Author: Hao-Wen Cheng, Jonathan G. Li, Chihray Liu, Wen-Chih Tseng, Guanghua Yan 👨🔬
Affiliation: University of Florida 🌍
Purpose: This study develops and evaluates deep learning (DL) models for predicting 3D dose distributions in simultaneous integrated boost (SIB) prostate cancer treatment using the Elekta Unity MR-Linac. These models facilitate the quick determination of whether dosimetric criteria could be met for challenging treatment plans.
Methods: Six different DL architectures—standard U-Net, hierarchically dense U-Net, residual U-Net, cascaded U-Net, attention-gated U-Net, and dense dilated U-Net—were developed to predict 3D dose distributions for prostate cancer patients treated with SIB-intensity-modulated radiation therapy (SIB-IMRT) (60 Gy/44 Gy) on the MR-Linac. The model input consisted of a structure map combining 11 structures with their relative electron densities (REDs), two target masks with REDs, and an organs-at-risk (OARs) mask with REDs, all concatenated into a 3D image with 4 channels. The reference plans for 20 patients and their adaptive plans were included, resulting in 60 plans. Model performance was assessed using the mismatch criterion, which compares discrepancies in meeting dosimetric criteria for targets and OARs, as well as the dosimetric differences between the ground truth and the predictions.
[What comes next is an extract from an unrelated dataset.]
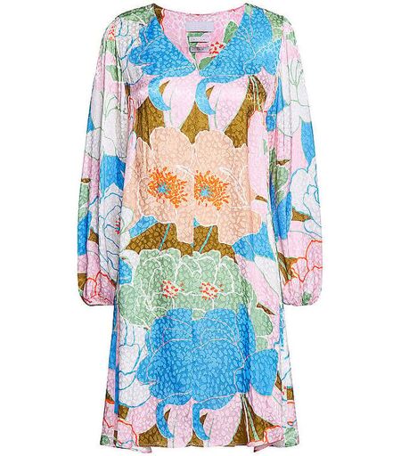 Sommerliches Damen Minikleid aus reiner Viskose V-Ausschnitt 3/4 Ärmel mit elastischem Bündchen Floraler Alloverprint Knieumspielend Farbbezeichnung: Rose Shadow Länge:ca:96cm. Material: 100% Viskose ...

Results: Most models showed small average dosimetric differences across the targets and OARs, with values typically within ±1.5 Gy and ±2% for most dosimetric parameters, indicating reasonable agreement with the ground truth. The average mismatch across different models was relatively low, ranging from 1.6 to 2.4 out of 20 dosimetric criteria. Among the evaluated models, the attention-gated U-Net model demonstrated superior performance, with the fewest mismatches and fewest instances of dosimetric differences > 0.5 Gy or 2%.
Conclusion: The attention-gated U-Net model effectively predicted the 3D dose distribution for SIB-IMRT prostate cancer treatment on the MR-Linac. This approach has the potential to streamline the treatment planning process by efficiently verifying whether dosimetric criteria are met, thereby reducing the substantial manual effort required in treatment planning.